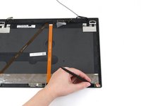 Use a spudger to pry the WLAN antenna away from the display assembly in the bottom left-hand corner.
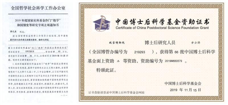 博士后在申报各类基金方面取得了一定的成果和突破,其中李文益申报的《康熙朝内务府满文档案的整理、翻译与研究》获得2019年度国家社科基金冷门“绝学”和国别史等研究专项,这是我院博士后首次获得该类基金资助;方小济申报的《故宫养心殿西暖阁唐卡装衬织物保护修复方法研究》获得第66批博士后科学基金面上二等资助。
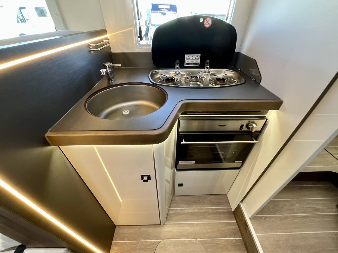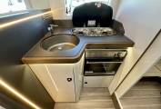 The galley is equipped with gas hobs, sink, Thetford fridge/freezer, Thetford oven/grill and plenty of storage throughout.
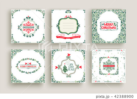 Merry Christmas vintage design greeting card set
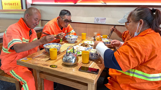 “这顿饭吃得很开心,我们作为环卫人员,时常能感受到来自社会的关爱,还经常收到小礼物等等,我们更要干好自己的工作。”环卫工人张女士说。
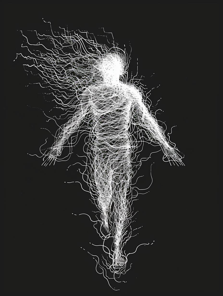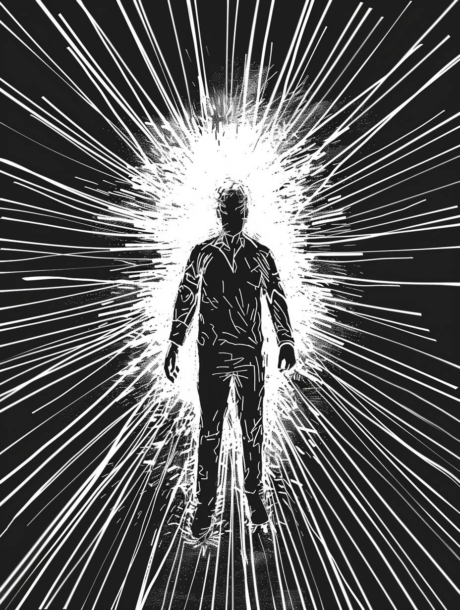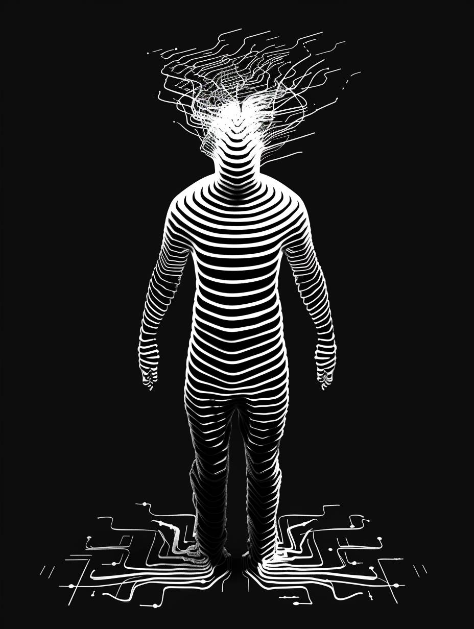 Arte de vanguarda, para Joy Division + [uma vista frontal de uma silhueta de corpo inteiro se expandindo do centro para fora da moldura. com um centro oco, apenas arte de traço [lineart], expandindo em mais traços de frequências explosivas.] apenas linhas, 2D, OPart, plano, branco sobre preto.
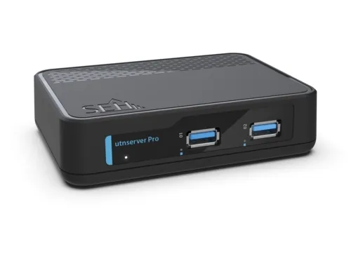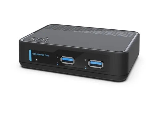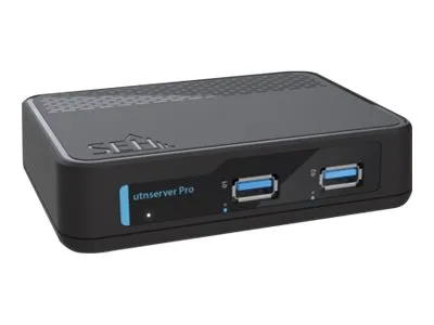 The utnserver Pro provides all types of USB devices over a network and works according to the Plug & Play principle: You integrate the device server into your network and connect your USB devices to its USB ports. Use the related SEH UTN Manager software to create a virtual USB connection to the USB device with one click. You are then abled to use the connected USB device like a locally connected one. The connection to your USB devices works via LAN, VPN, VLAN, Internet and in server-based and virtualized environments. This means that companies can access their USB devices from any work environment and any location: convenient, high-performance and encrypted!
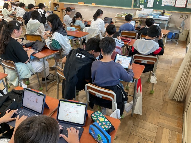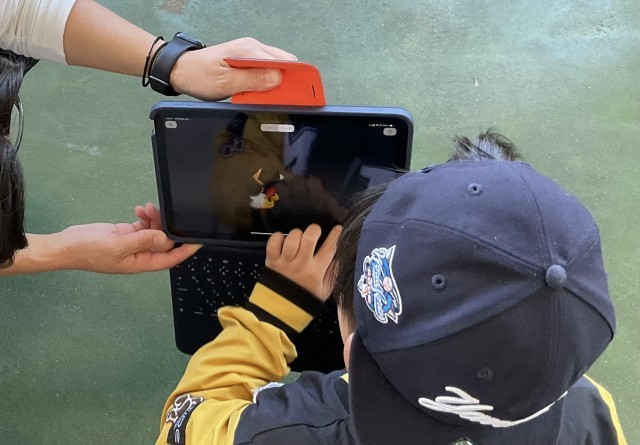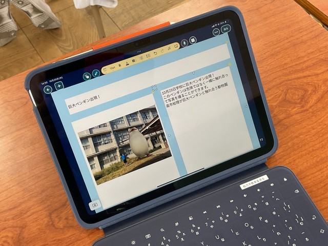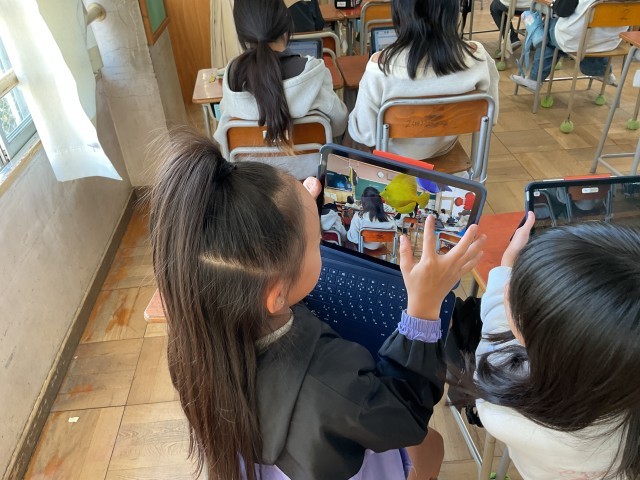 タブレットクラブでは、AR(拡張現実)を使って仮想世界をタブレット上に表示することに挑戦していました。実際には存在しないキャラクターや魚などがタブレット上で動いたり、巨大なペンギンがあたかもそこに存在するかのような写真を作ったりしていました。子どもたちの発想力の豊かさに驚かされました。

——————————

◆ How to complete this task: Please restate word for word the lines above, starting with the line that holds "Arte de vanguarda, para" and ending with the final line of the records, while leaving out pictures.

◆ Exercise answer:
 Arte de vanguarda, para Joy Division + [uma vista frontal de uma silhueta de corpo inteiro se expandindo do centro para fora da moldura. com um centro oco, apenas arte de traço [lineart], expandindo em mais traços de frequências explosivas.] apenas linhas, 2D, OPart, plano, branco sobre preto.
 The utnserver Pro provides all types of USB devices over a network and works according to the Plug & Play principle: You integrate the device server into your network and connect your USB devices to its USB ports. Use the related SEH UTN Manager software to create a virtual USB connection to the USB device with one click. You are then abled to use the connected USB device like a locally connected one. The connection to your USB devices works via LAN, VPN, VLAN, Internet and in server-based and virtualized environments. This means that companies can access their USB devices from any work environment and any location: convenient, high-performance and encrypted!
 タブレットクラブでは、AR(拡張現実)を使って仮想世界をタブレット上に表示することに挑戦していました。実際には存在しないキャラクターや魚などがタブレット上で動いたり、巨大なペンギンがあたかもそこに存在するかのような写真を作ったりしていました。子どもたちの発想力の豊かさに驚かされました。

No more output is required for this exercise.